The mixing of race and education have always been controversial. Affirmative action was one tool to combat this discrimination. In 1978, the Supreme Court in Board of Regents of California v. Bakke upheld the use of race as one factor that could be considered among others when making college admissions decisions. It was a controversial 5-4 decision, with Justice Lewis Powell writing the controlling opinion defending affirmative action and the use of race in admissions as a means of promoting educational diversity. Twenty-five years later in Grutter v. Bolinger, the Supreme Court in another controversial 5-4 opinion again upheld the use of race and affirmative action in college admissions decisions. This time Justice O’Connor wrote the controlling opinion, yet this time opining that she hoped in another 25 years race no longer would need to be an admissions factor in a color-blind society.

But many in America still resent affirmative action. States such as California have already banned it, and there are calls to shift away from race and instead use economic disadvantage or class in place of it. What if the Supreme Court does ban the use of race in admissions, is class a good proxy or replacement? Not necessarily.

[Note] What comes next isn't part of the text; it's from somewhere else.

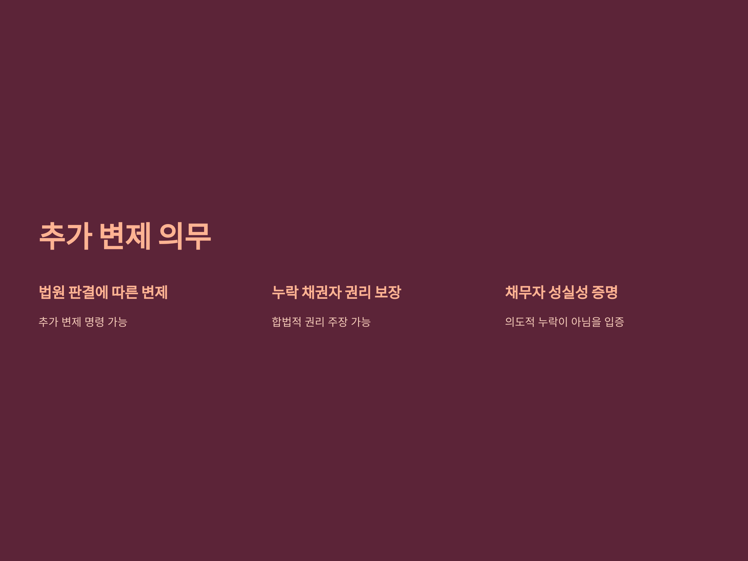 - 법원의 판결에 따라 변제: 법원은 누락된 채권의 변제 여부를 판단하며, 추가 변제를 명령할 수 있습니다.

The real problem with shifting to class as an admissions criteria is that higher education has closed its doors to the poor, and America is more and more becoming an economically unequal society. The reality is that the poor cannot afford to go to school and higher education no longer seems to want or can afford them.

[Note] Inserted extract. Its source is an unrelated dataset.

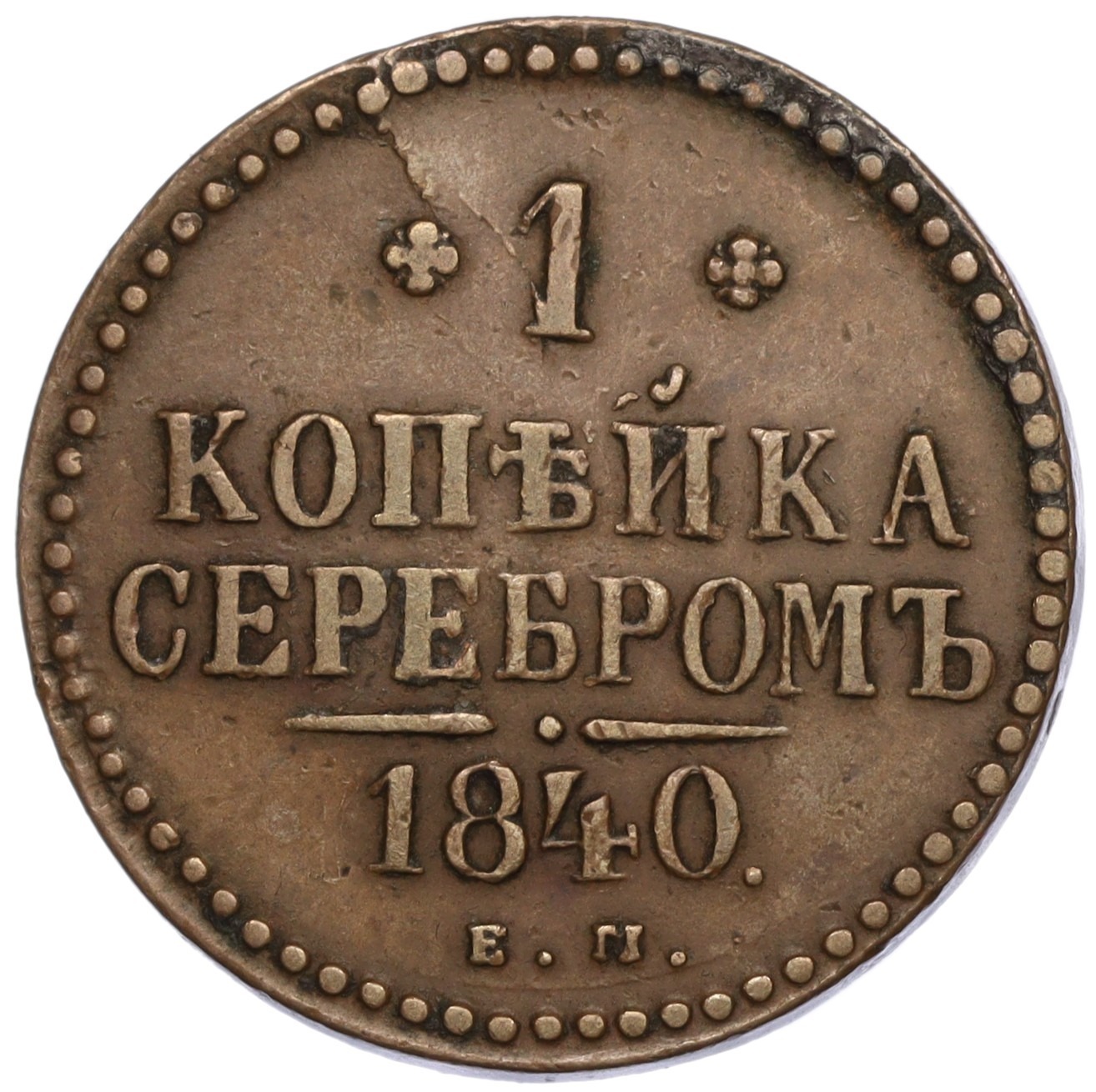 1 копейка серебром 1840 года ЕМ

Consider America’s economic polarization. The first study is from the United States Census Bureau in 2010 describing poverty and income in America. In 2010 the richest five percent of the population accounted for 21 percent of the income, with the top 20 percent receiving more than 50 percent of the total income in the country. This compares to the bottom quintile accounting for about 3 percent of the total income.

A second study by the Center on Budget and Policy Priorities in 2010, drawing upon Congressional Budget Office research, found that the income gap between the top one percent of the population and everyone else more than tripled since 1973. After-tax income for the top one percent increased by 281 percent between 1973 and 2007, while for the middle class or middle quintile it increased by 25 percent, for the bottom quintile it was merely 16 percent. Looking beyond income to wealth, the maldistribution has not been this bad since the 1920s. According to the Institute for Policy Studies, in 2007 the top one-percent controlled almost 34 percent of the wealth in the country, with half of the population possessing less than 3 percent. The racial disparities for wealth mirror those of income. Since 2007, the wealth gap has increased as the value of American homes–the single largest source of wealth for most Americans– has eroded. Studies such as the Survey of Consumer Finances by the Federal Reserve Board have similarly concluded that the wealth gap has increased since the 1980s.

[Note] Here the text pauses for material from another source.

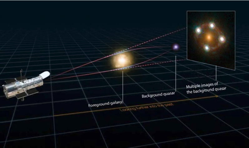 圖2. 遙遠類星體發出的光,在經過前方星系的引力勢阱的時候發生了彎曲,所以光在到達望遠鏡的時候所看到的圖片會像最右邊圖像所顯示的那樣。(圖源:Martin Millon/Swiss Federal Institute of Technology Lausanne;Hubble Space Telescope/NASA)

But Americans still dream and believe they can rise to the top. Yet social mobility in America has ground to a halt. A 2010 Organization for Economic Cooperation and Development study found that social mobility in the United States ranked far below that of many other developed countries. Nearly half of the economic advantage parents have in the United States is transmitted to their children; a number nearly two-and-one-half times that of Australia and Canada. The biggest cause of social immobility according to the report is declining educational opportunities for many students. Other studies, including those in 2005 and 2010 in the Economist, similarly point to the declining social mobility in the United States that makes it difficult for individuals to rise from one social economic status to a better one. In fact, there is better than a 95 percent chance that children will not improve their social economic status in comparison to their parents. In sum, the rich are getter richer and the poor cannot change their lot.

Now consider higher education. The New York Times and other media services have talked about the declining applications from blue-collar students to elite universities and higher education in general. Rising tuition rates are pricing the poor out of school. But other studies point to universities which are culturally intolerant to the poor and working class. Fewer and fewer professors are first generation college students, and many schools rely upon legacy admissions. At Harvard, studies recount how legacies–children of students who previously attended Harvard–appear to have a greater chance of securing admission than those whose parents did not attend the school. For supposedly the most selective school in the country, the legacy applicant pool is not as competitive. Additionally, applicants who attend a select number of preparatory schools also seem to benefit in terms of admissions. Income and family economic advantages make a difference in terms of admissions and success in school.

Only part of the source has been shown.